> What you are asked to do:
Copy the data that follows exactly, and include none of its images.

> Task data:
_ _ _ _ _ _ _

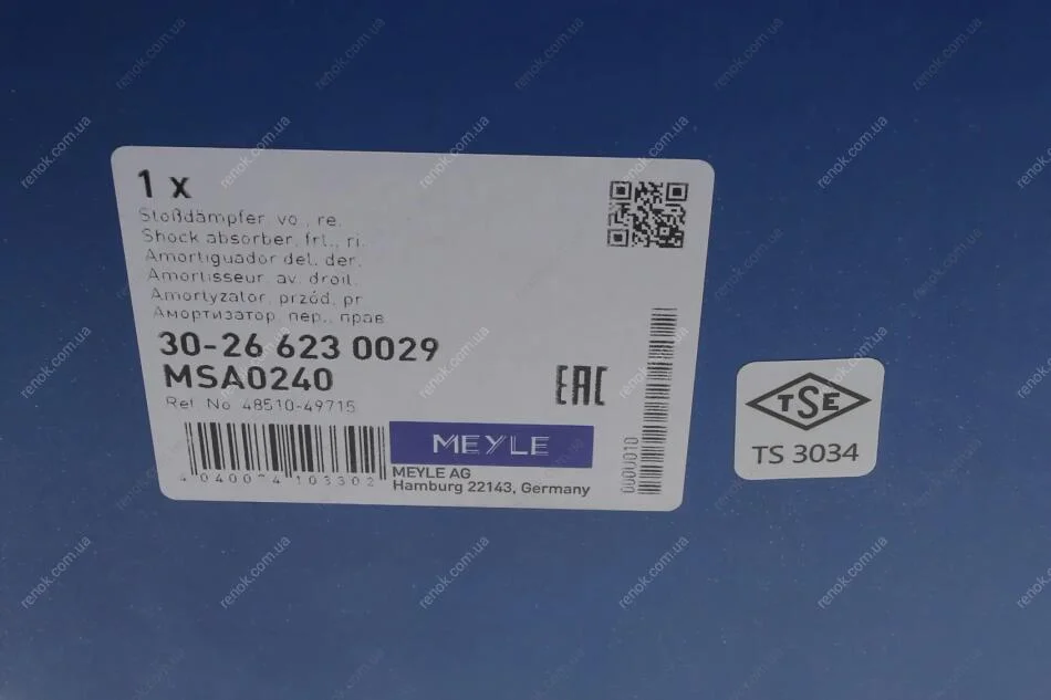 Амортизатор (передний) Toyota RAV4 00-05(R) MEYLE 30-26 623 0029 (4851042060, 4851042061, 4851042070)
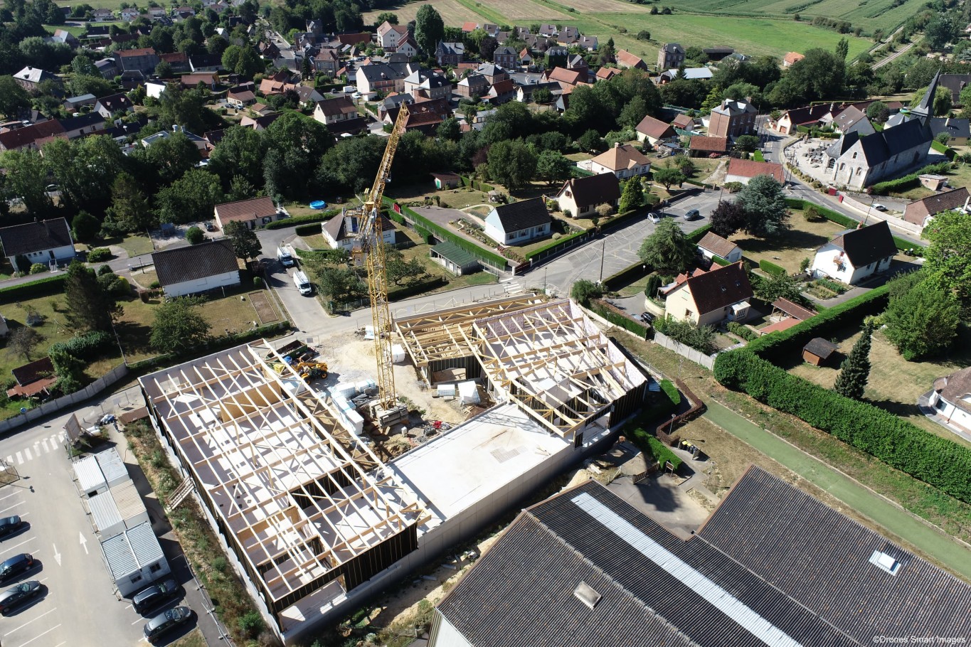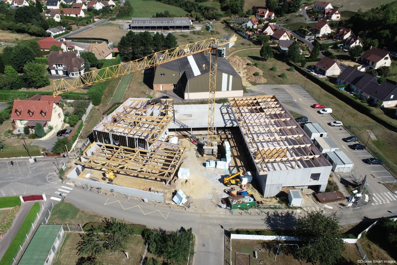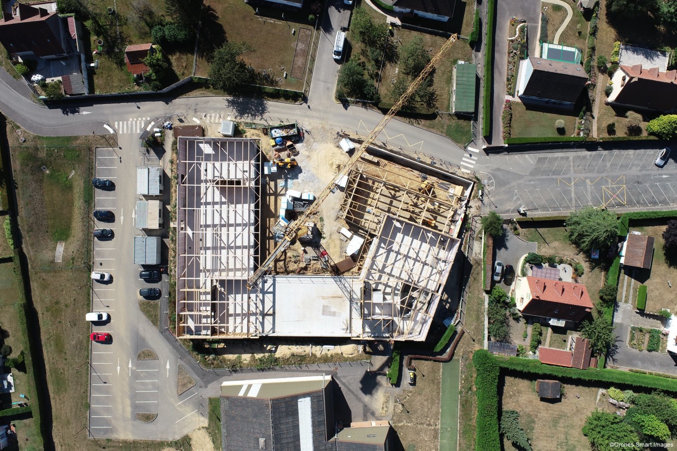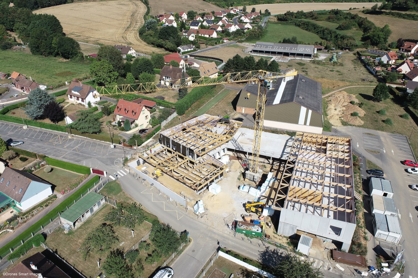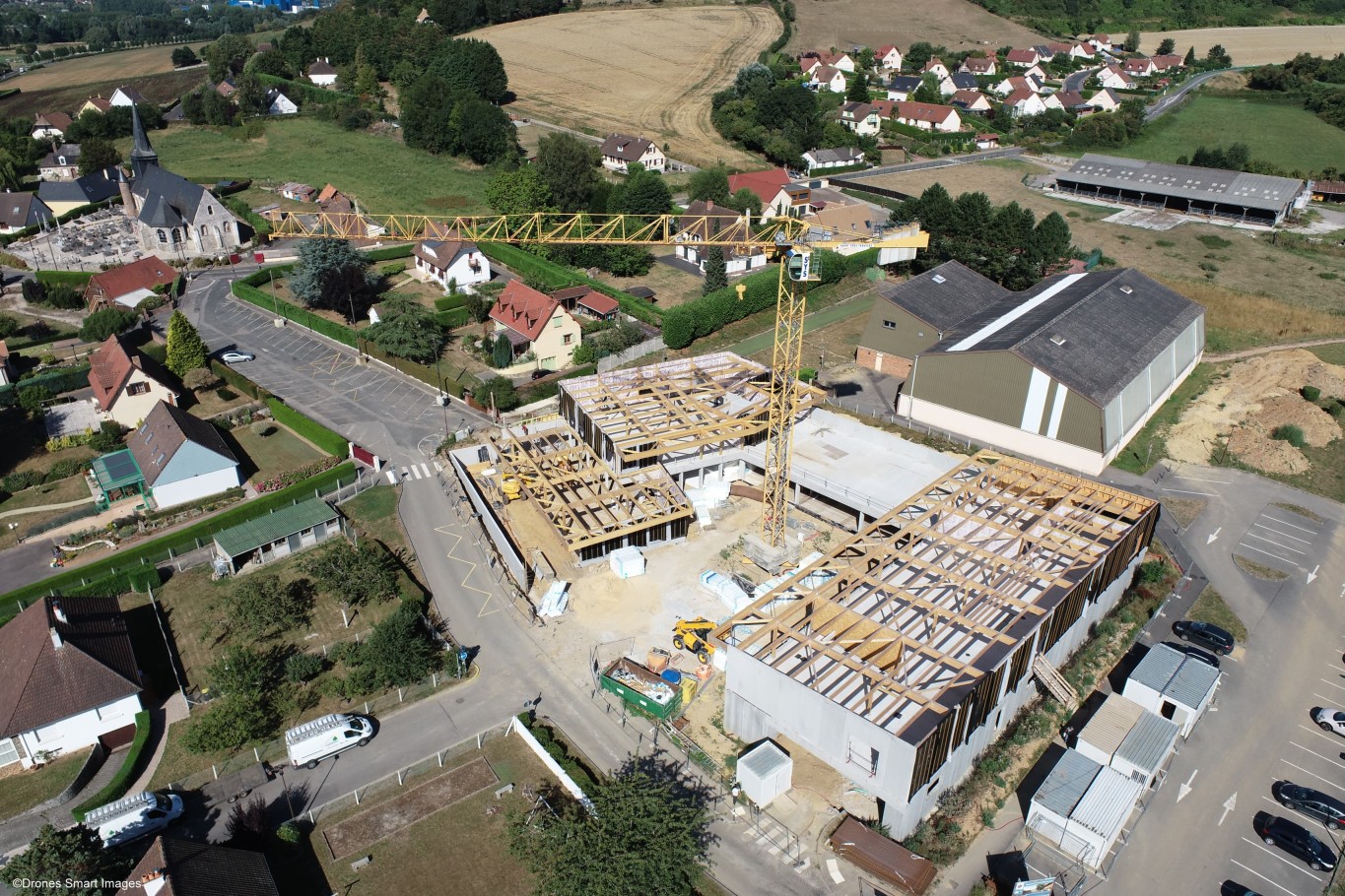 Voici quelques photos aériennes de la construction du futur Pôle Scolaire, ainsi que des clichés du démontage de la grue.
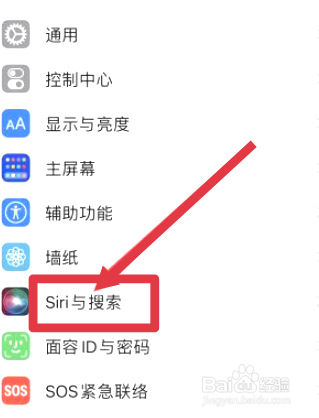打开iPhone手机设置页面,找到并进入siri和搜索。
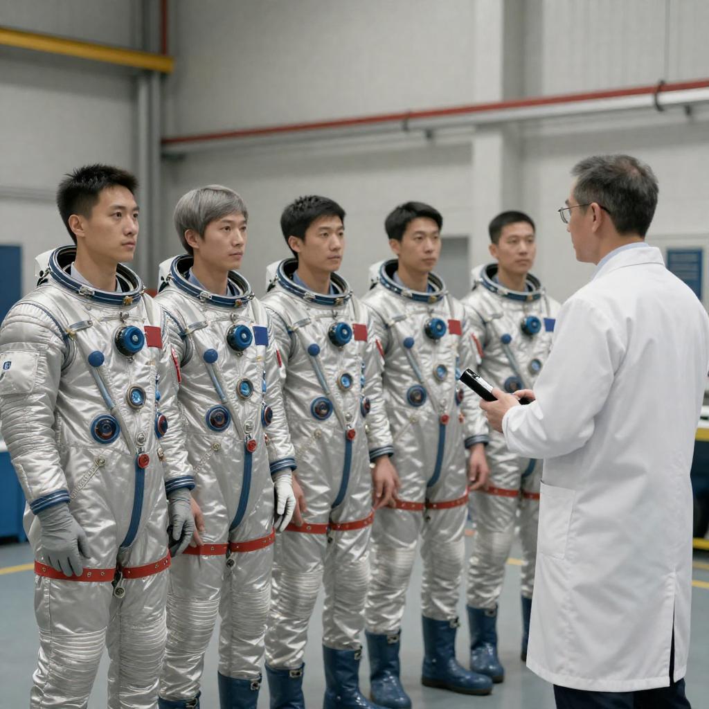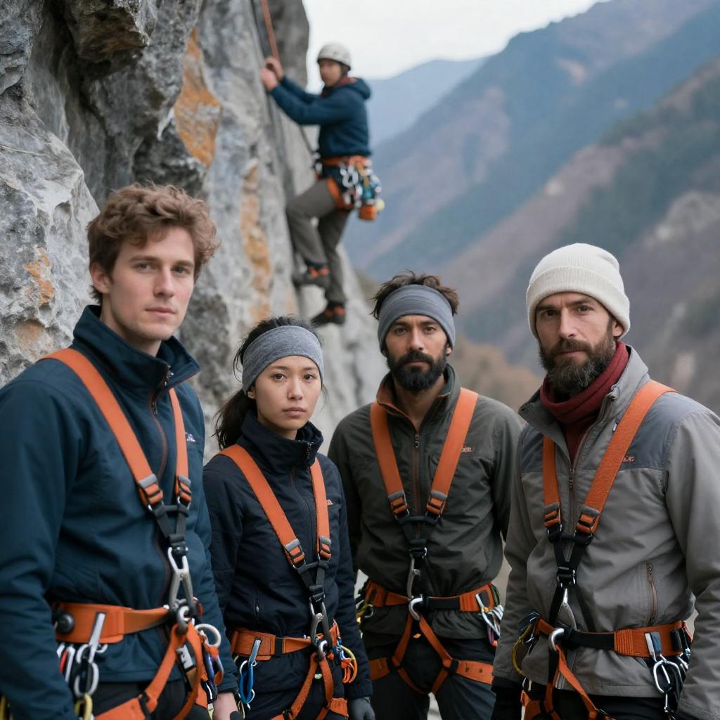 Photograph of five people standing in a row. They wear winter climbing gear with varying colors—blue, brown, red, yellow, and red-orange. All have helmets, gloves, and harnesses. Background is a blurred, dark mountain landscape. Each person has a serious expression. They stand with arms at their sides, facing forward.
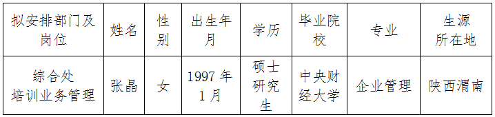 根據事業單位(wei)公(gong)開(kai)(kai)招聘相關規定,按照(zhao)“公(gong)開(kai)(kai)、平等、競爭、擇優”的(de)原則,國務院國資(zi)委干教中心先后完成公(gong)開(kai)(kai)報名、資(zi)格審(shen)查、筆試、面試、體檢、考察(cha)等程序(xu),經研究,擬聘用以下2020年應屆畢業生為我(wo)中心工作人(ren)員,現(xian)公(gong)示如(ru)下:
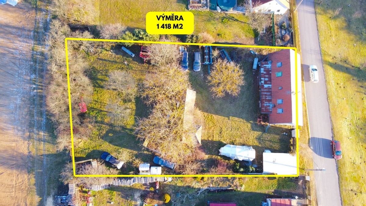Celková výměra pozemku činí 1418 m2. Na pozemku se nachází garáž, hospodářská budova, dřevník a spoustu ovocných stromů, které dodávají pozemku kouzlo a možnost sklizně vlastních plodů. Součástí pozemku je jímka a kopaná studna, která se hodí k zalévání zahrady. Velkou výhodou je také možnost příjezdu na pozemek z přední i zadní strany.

_ _ _ _ _ _ _

> Task result:
 Амортизатор (передний) Toyota RAV4 00-05(R) MEYLE 30-26 623 0029 (4851042060, 4851042061, 4851042070)
 Voici quelques photos aériennes de la construction du futur Pôle Scolaire, ainsi que des clichés du démontage de la grue.
打开iPhone手机设置页面,找到并进入siri和搜索。
 Photograph of five people standing in a row. They wear winter climbing gear with varying colors—blue, brown, red, yellow, and red-orange. All have helmets, gloves, and harnesses. Background is a blurred, dark mountain landscape. Each person has a serious expression. They stand with arms at their sides, facing forward.
 根據事業單位(wei)公(gong)開(kai)(kai)招聘相關規定,按照(zhao)“公(gong)開(kai)(kai)、平等、競爭、擇優”的(de)原則,國務院國資(zi)委干教中心先后完成公(gong)開(kai)(kai)報名、資(zi)格審(shen)查、筆試、面試、體檢、考察(cha)等程序(xu),經研究,擬聘用以下2020年應屆畢業生為我(wo)中心工作人(ren)員,現(xian)公(gong)示如(ru)下:
Celková výměra pozemku činí 1418 m2. Na pozemku se nachází garáž, hospodářská budova, dřevník a spoustu ovocných stromů, které dodávají pozemku kouzlo a možnost sklizně vlastních plodů. Součástí pozemku je jímka a kopaná studna, která se hodí k zalévání zahrady. Velkou výhodou je také možnost příjezdu na pozemek z přední i zadní strany.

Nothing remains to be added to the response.